With the ecoli mask...

gi|11093941|MNA3|AF293013	div: 9.66184	stDev: 7.37292	chimera flag: Yes
gi|11093940|MNF8|AF293012	div: 9.10973	stDev: 7.06876	chimera flag: Yes
gi|11093939|MNB2|AF293011	div: 9.4548	stDev: 5.99675	chimera flag: Yes
gi|11093937|MNF2|AF293009	div: 10.4336	stDev: 6.98824	chimera flag: Yes

With the ecoli mask and filter applied...

gi|11093941|MNA3|AF293013	div: 6.58106	stDev: 5.81978	chimera flag: Yes
gi|11093940|MNF8|AF293012	div: 6.42055	stDev: 5.91301	chimera flag: Yes
gi|11093939|MNB2|AF293011	div: 7.38363	stDev: 4.57108	chimera flag: Yes
gi|11093937|MNF2|AF293009	div: 6.47482	stDev: 4.74574	chimera flag: Yes
gi|11093930|MNH4|AF293002	div: 9.31929	stDev: 4.54857	chimera flag: Yes


mothur > chimera.seqs(fasta=ex.align, template=core_set_aligned.imputed.fasta,
method=pintail, mask=default, filter=t, quantile=core_set_aligned.imputed.pintail.filtered.masked.quan)

window

The window parameter is used to determine the length of sequence you want in each window analyzed. By default it is set to 300. Note, changing the window size will require new quantile files to be made.

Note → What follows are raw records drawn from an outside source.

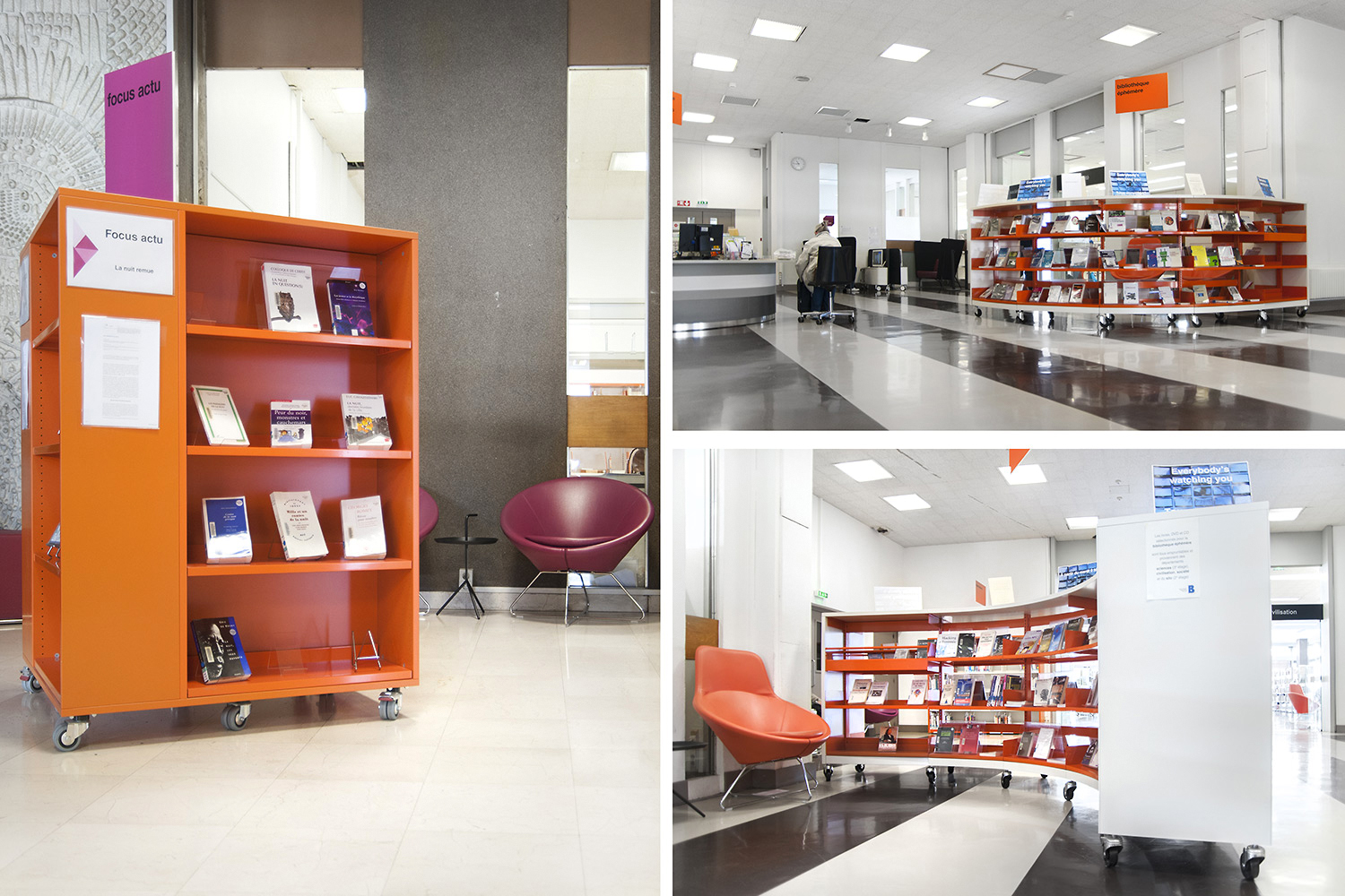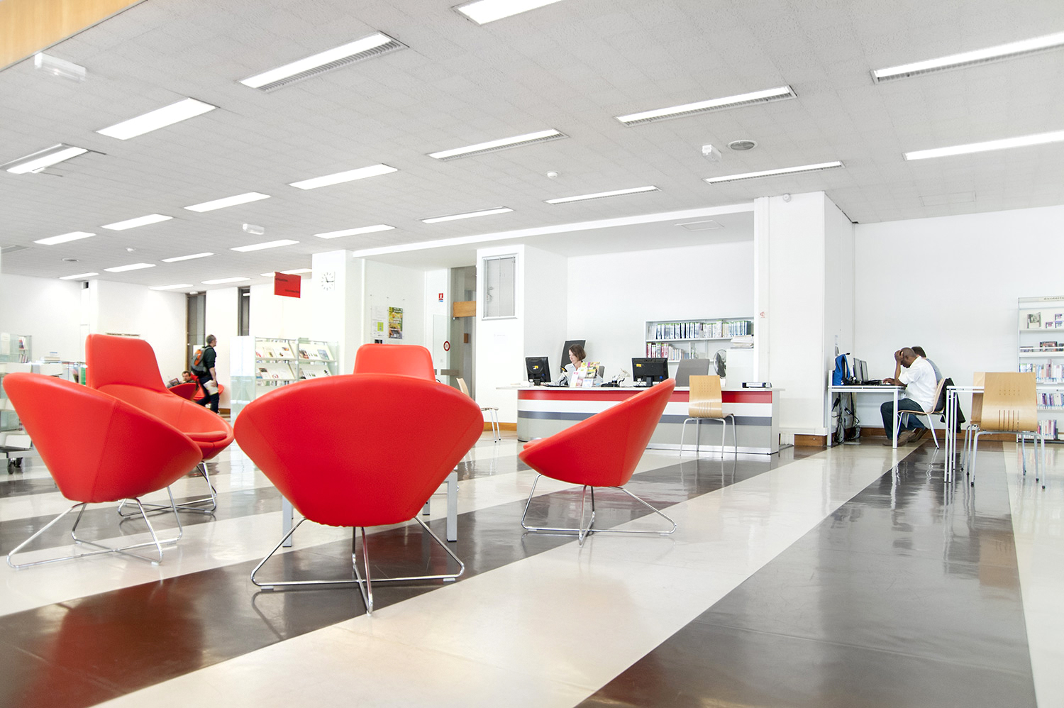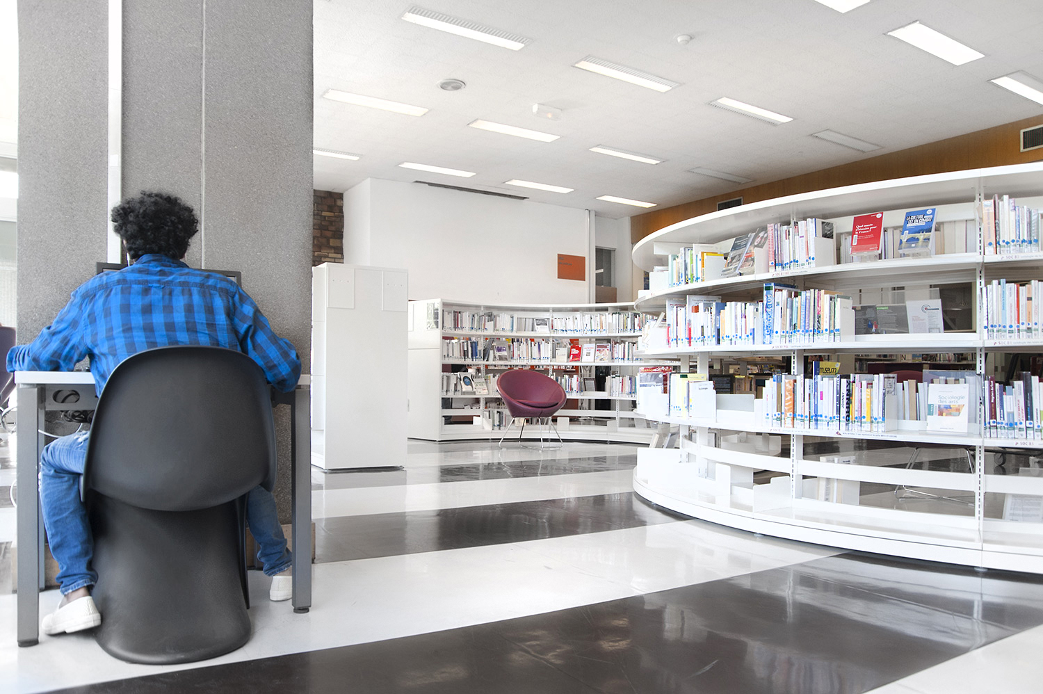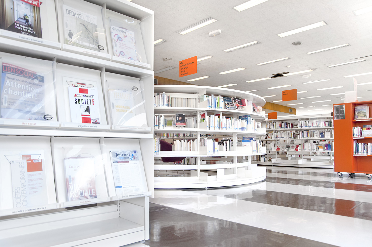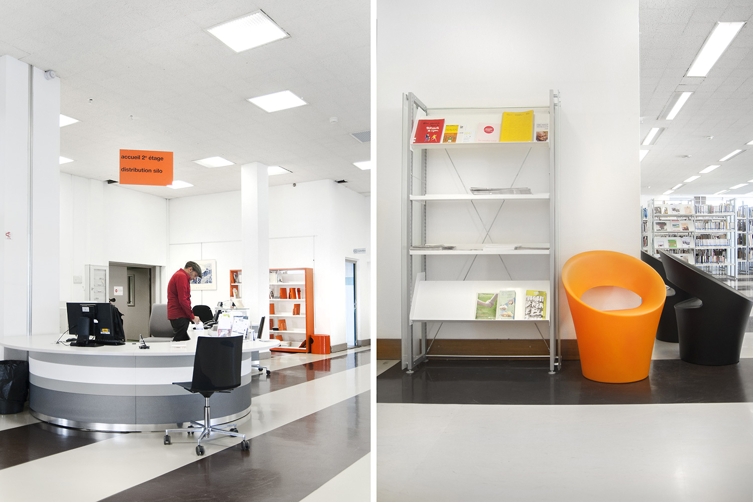 Le mobilier installé inclut notamment la gamme de rayonnages Classic London, droit et courbe, la gamme Opal verre, les banques d’accueil, des postes de travail, du mobilier de présentation et du mobilier de confort. Fonctionnel et esthétique le mobilier joue son rôle dans l’amélioration du confort général, des utilisateurs comme du personnel.
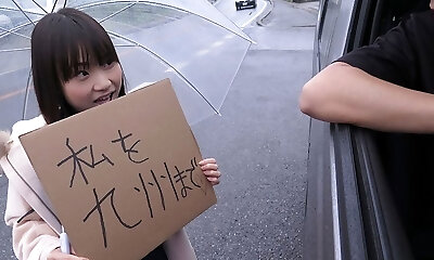 Japanese schoolgirl, Mikoto Mochida is sucking a stranger's
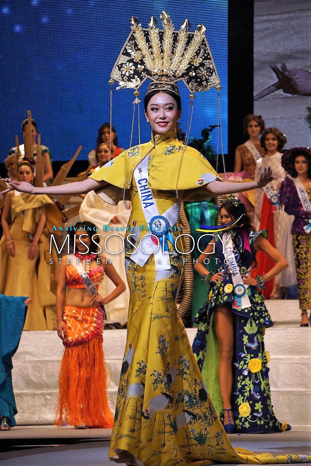 Miss International China Jia Chi: this yellow silk brocade costume was one of the BEST of all the Miss International 2017 contestants. The design featured a perfectly fitted fit-and-flare style gown with a Mandarin-collared caplet, both featuring beautiful birds and flower embroidery. This entire costume was topped off with an elegant gold headdress. It was chic, runway fab and if you just took off the headdress, this would be a stunning evening gown alone!
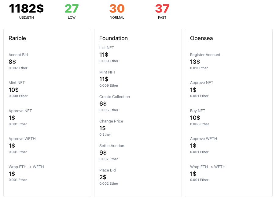 Например, в Ethereum для комиссий используется газ (Gas) — особая единица измерения для расчета стоимости подтверждения транзакции. Стоимость газа постоянно изменяется в зависимости от загруженности сети. Рассчитать размер комиссии можно на специальных сервисах, таких как Ethereumprice.org или Gwei.at.

mothur > chimera.seqs(fasta=ex.align, template=core_set_aligned.imputed.fasta,
method=pintail, window=200)

increment

The increment parameter is used to slide the window along the sequence. For the pintail algorithm the default is 25. Note, changing the increment will require new quantile files to be made.

mothur > chimera.seqs(fasta=ex.align, template=core_set_aligned.imputed.fasta,
method=pintail, increment=50)

processors

To speed up your processing the chimera.seqs command can be run with multiple processors by using the processors parameter. By default the processors parameter is 1.

mothur > chimera.seqs(fasta=ex.align, template=core_set_aligned.imputed.fasta,
method=pintail, quantile=core_set_aligned.imputed.pintail.quan, processors=2)


This method was written using the algorithms described in the "At Least 1 in 20 16S rRNA Sequence Records Currently Held in the Public Repositories is Estimated To Contain Substantial Anomalies" paper by Kevin E. Ashelford 1, Nadia A. Chuzhanova 3, John C. Fry 1, Antonia J. Jones 2 and Andrew J. Weightman 1.